Metadata-Version: 2.4
Name: dataprep-ai
Version: 0.1.1
Summary: One-line data cleaning for pandas/Polars with reports and a reversible patch.
Project-URL: Homepage, https://github.com/RohitRajdev/dataprep-ai
Project-URL: Documentation, https://github.com/RohitRajdev/dataprep-ai#readme
Project-URL: Issues, https://github.com/RohitRajdev/dataprep-ai/issues
Author-email: Rohit Rajdev <rohit@sandscript.ai>
License: Apache-2.0
License-File: LICENSE
Keywords: data cleaning,data wrangling,pandas,polars,preprocessing
Requires-Python: >=3.9
Requires-Dist: numpy>=1.23
Requires-Dist: pandas>=1.5
Requires-Dist: polars>=1.0.0; platform_system != 'Windows' or python_version >= '3.10'
Requires-Dist: pyarrow>=10
Requires-Dist: pydantic>=2.6
Requires-Dist: rich>=13.7.0
Requires-Dist: scikit-learn>=1.2
Provides-Extra: app
Requires-Dist: matplotlib>=3.7; extra == 'app'
Requires-Dist: streamlit>=1.35.0; extra == 'app'
Provides-Extra: full
Requires-Dist: matplotlib>=3.7; extra == 'full'
Requires-Dist: streamlit>=1.35.0; extra == 'full'
Requires-Dist: ydata-profiling>=4.6; (python_version >= '3.9') and extra == 'full'
Description-Content-Type: text/markdown

![CI](https://github.com/RohitRajdev/dataprep-ai/actions/workflows/ci.yml/badge.svg)

dataprep-ai

One-line, opinionated data cleaning for pandas/Polars.
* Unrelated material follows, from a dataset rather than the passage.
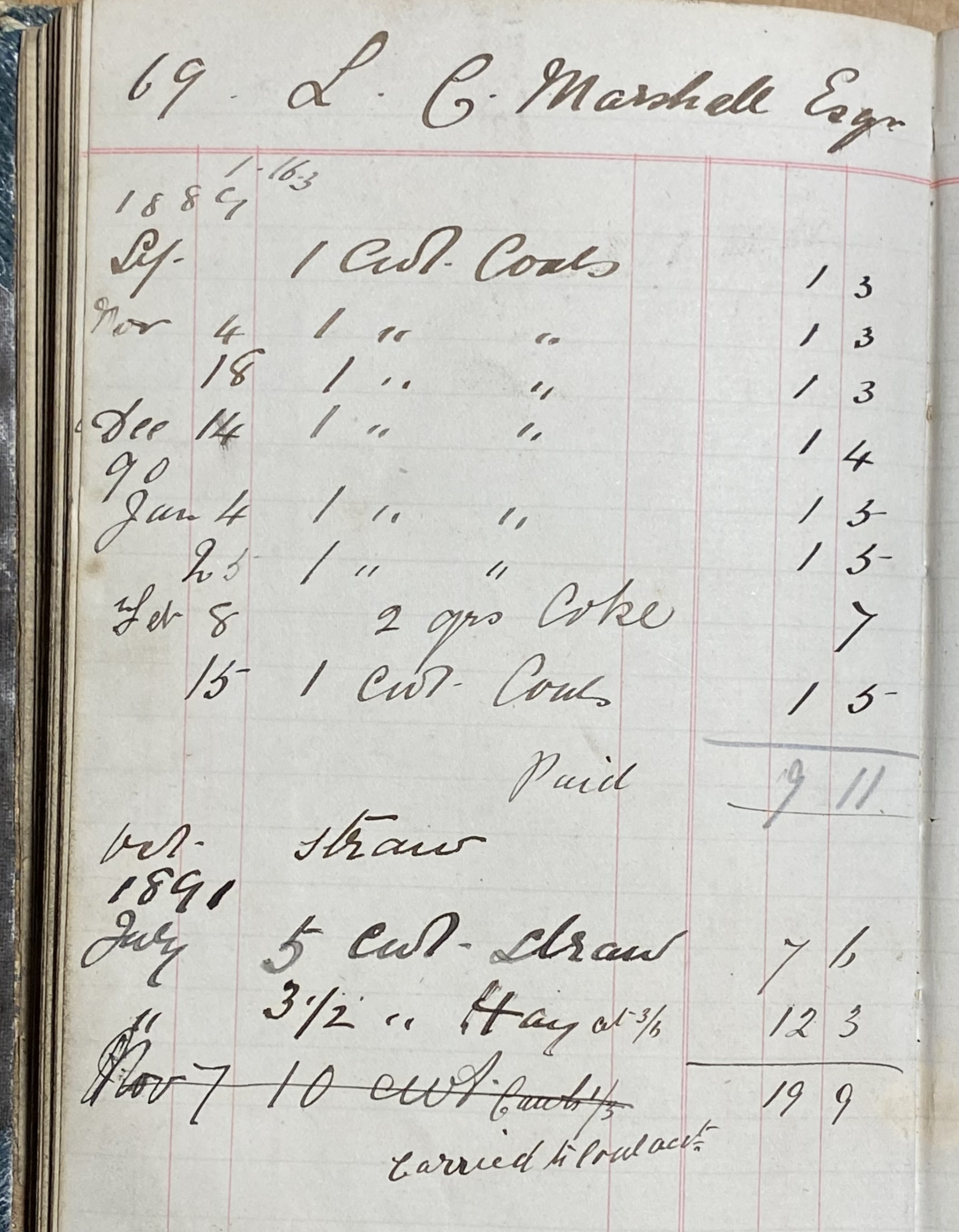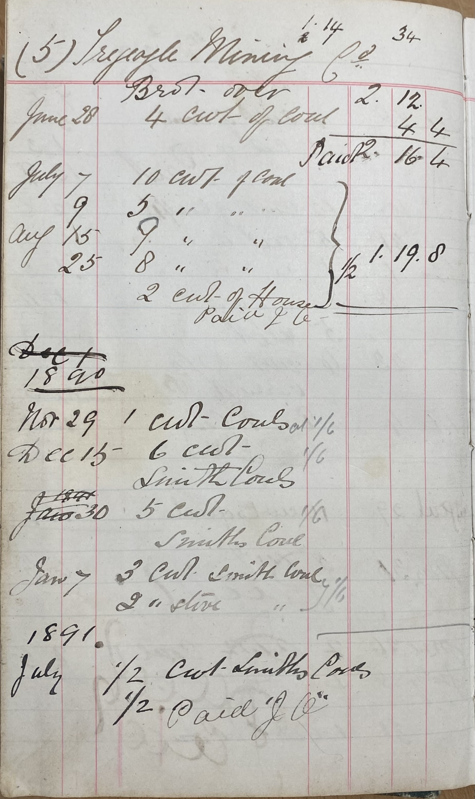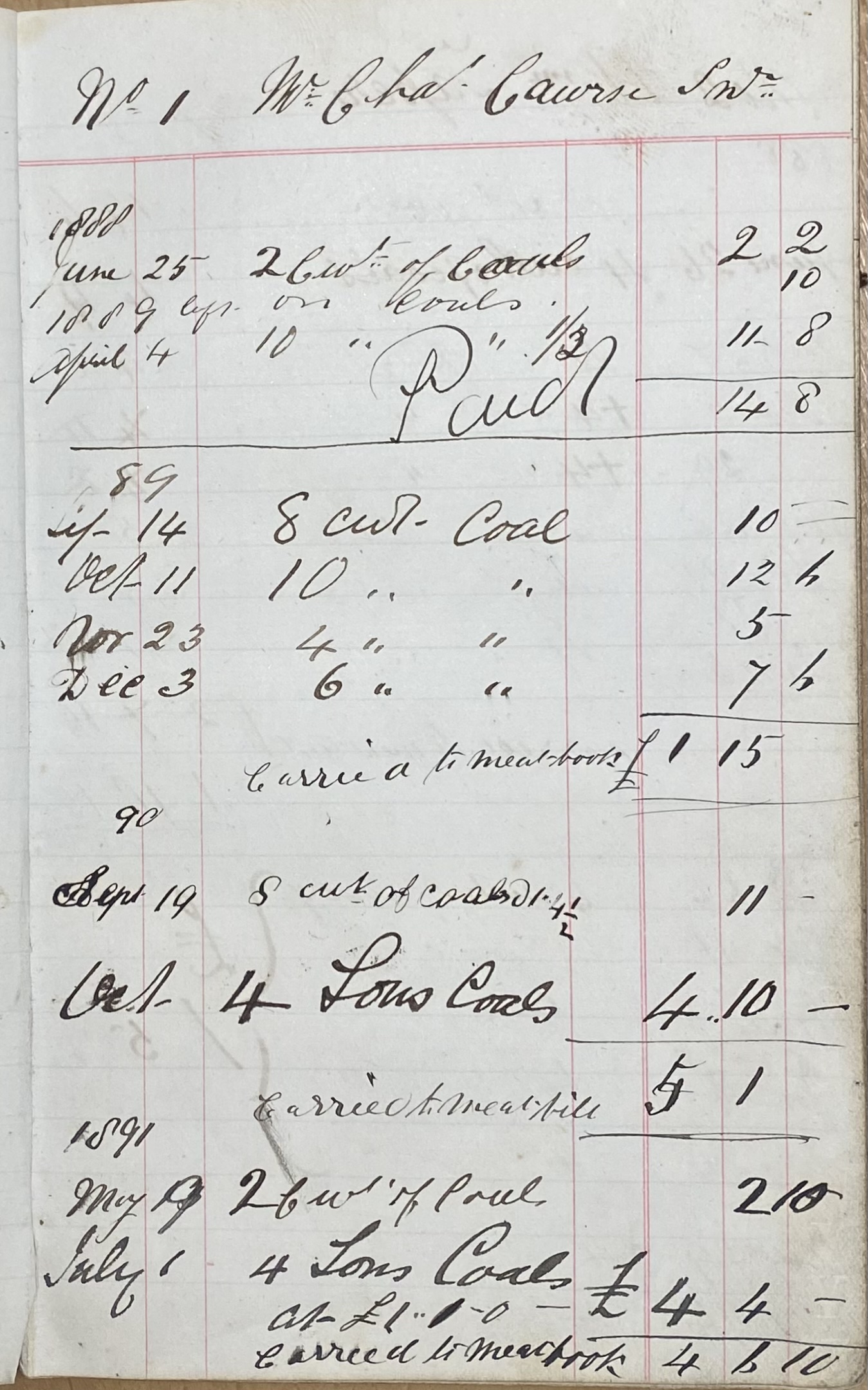Coal Book 1888 to 1891

Fix missing values, inconsistent categories, outliers, and duplicates with transparent logs and a reproducible report.

pip install dataprep-ai

Quickstart

import pandas as pd
from dataprep_ai import clean, CleaningConfig

df = pd.DataFrame({
  "age":[23, None, 25, 1000],
  "income":[52000, 58000, None, 1200000],
  "city":["NY","New York","nyc", None],
  "id":[1,2,2,4]
})

result = clean(df, CleaningConfig(
  id_columns=["id"],
  outlier_strategy="iqr_cap",
  categorical_normalization=True
))

print(result.summary_markdown)
df_clean = result.df
result.to_json("clean_report.json")

Streamlit explorer
pip install "dataprep-ai[app]"
streamlit run -m dataprep_ai.explore -- --csv your.csv

License

Apache-2.0